Advenant l’imposition d’un moratoire, les forestiers subiraient les contrecoups des négociations, si elles ne se déroulent pas bien, entre les Atikamekw et Québec.

Il rappelle que 60 000 emplois découlent directement de l’industrie de la forêt, un nombre qui va doubler si on tient compte des emplois indirects : « Une fermeture aurait des impacts importants, pas seulement pour la Coopérative, mais pour toute l’industrie forestière de la Maurice. Ce qu’on privilégie, c’est le dialogue. Par contre, n’étant pas partie prenante de la solution, on envisage un dialogue entre le ministère et les Atikamekw ».

Il croit que le régime forestier doit être réactualisé ou faire l’objet d’une refonte majeure, puisqu’il semblait plus facile, avant son adoption, d’harmoniser les opérations quand c’était l’industrie forestière qui voyait à la planification.

M. Despins rappelle que l’industrie forestière donne accès à la forêt aux villégiateurs, aux cueilleurs, aux gens qui possèdent des chalets de même qu’à ceux qui fréquentent les Zecs et les pourvoiries en ouvrant des chemins.

« En période de pandémie, les habitudes des Québécois ont changé, il y a beaucoup plus de permis de pêche et de chasse qui se sont vendus. C’est grâce à l’industrie forestière qui donne accès à la forêt ».

La Régime d’aménagement durable des forêts est un des plus rigoureux mondialement, fait également valoir le directeur général de la Coopérative forestière, qui évoque au passage que l’industrie forestière s’est positionnée comme un acteur majeur face aux changements climatiques.

Il explique que la forêt a un cycle et les arbres qui ne sont pas récoltés peuvent tomber au vent, être dévorés par les insectes et être ravagés dans un incendie forestier. Un arbre qui tombe risque de causer davantage d’effet de serre qu’un arbre récolté, qui est ensuite utilisé, par exemple, pour la construction.

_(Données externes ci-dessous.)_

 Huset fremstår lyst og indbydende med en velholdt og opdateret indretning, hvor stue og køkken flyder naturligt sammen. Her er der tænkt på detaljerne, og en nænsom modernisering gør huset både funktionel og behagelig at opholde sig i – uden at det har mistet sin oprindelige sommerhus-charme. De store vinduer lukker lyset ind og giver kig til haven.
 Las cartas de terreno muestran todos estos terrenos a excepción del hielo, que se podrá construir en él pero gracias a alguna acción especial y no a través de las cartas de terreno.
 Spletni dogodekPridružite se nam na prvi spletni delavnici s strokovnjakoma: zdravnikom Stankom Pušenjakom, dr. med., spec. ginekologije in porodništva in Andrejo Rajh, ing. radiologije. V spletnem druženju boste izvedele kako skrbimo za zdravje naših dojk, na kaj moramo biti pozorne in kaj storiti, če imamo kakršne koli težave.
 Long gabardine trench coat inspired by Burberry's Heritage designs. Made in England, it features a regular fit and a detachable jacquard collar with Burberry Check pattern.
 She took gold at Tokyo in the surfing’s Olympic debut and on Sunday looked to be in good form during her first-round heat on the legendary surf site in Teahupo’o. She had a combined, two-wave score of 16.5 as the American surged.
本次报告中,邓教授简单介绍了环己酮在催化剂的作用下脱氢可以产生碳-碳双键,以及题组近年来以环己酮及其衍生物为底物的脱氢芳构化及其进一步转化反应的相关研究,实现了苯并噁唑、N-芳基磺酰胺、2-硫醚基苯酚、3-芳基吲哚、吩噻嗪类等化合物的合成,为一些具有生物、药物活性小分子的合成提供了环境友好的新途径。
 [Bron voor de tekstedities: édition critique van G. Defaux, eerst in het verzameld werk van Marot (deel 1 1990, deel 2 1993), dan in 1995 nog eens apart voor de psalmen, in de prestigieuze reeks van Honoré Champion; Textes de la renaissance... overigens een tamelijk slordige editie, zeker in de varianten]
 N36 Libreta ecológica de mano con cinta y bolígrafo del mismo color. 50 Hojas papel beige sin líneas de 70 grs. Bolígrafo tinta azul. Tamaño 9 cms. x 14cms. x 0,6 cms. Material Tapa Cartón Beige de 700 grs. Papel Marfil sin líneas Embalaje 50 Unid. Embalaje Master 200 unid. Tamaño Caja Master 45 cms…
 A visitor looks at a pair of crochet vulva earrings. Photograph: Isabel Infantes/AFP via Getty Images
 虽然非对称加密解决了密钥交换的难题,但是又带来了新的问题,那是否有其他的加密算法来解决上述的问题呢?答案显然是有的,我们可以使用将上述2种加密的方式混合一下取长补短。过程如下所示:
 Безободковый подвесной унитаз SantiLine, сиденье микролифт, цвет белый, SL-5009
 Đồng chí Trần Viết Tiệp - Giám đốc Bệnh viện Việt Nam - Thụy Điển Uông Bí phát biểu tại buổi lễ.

« C’est prouvé scientifiquement que les arbres d’entre 10 et 30 ans d’âge vont capter beaucoup plus de carbone que les arbres matures, au-delà de 30 ans jusqu’en fin de vie », détaille aussi M. Despins, faisant allusion aux opérations de reboisement de l’industrie forestière.

On refuse de se positionner davantage, car au-delà de la question forestière, il subsiste des enjeux politiques relatifs aux revendications territoriales des Atikamekw.

Comptant une quarantaine de membres, la Coopérative forestière donne du travail à 150 personnes en Haute-Mauricie.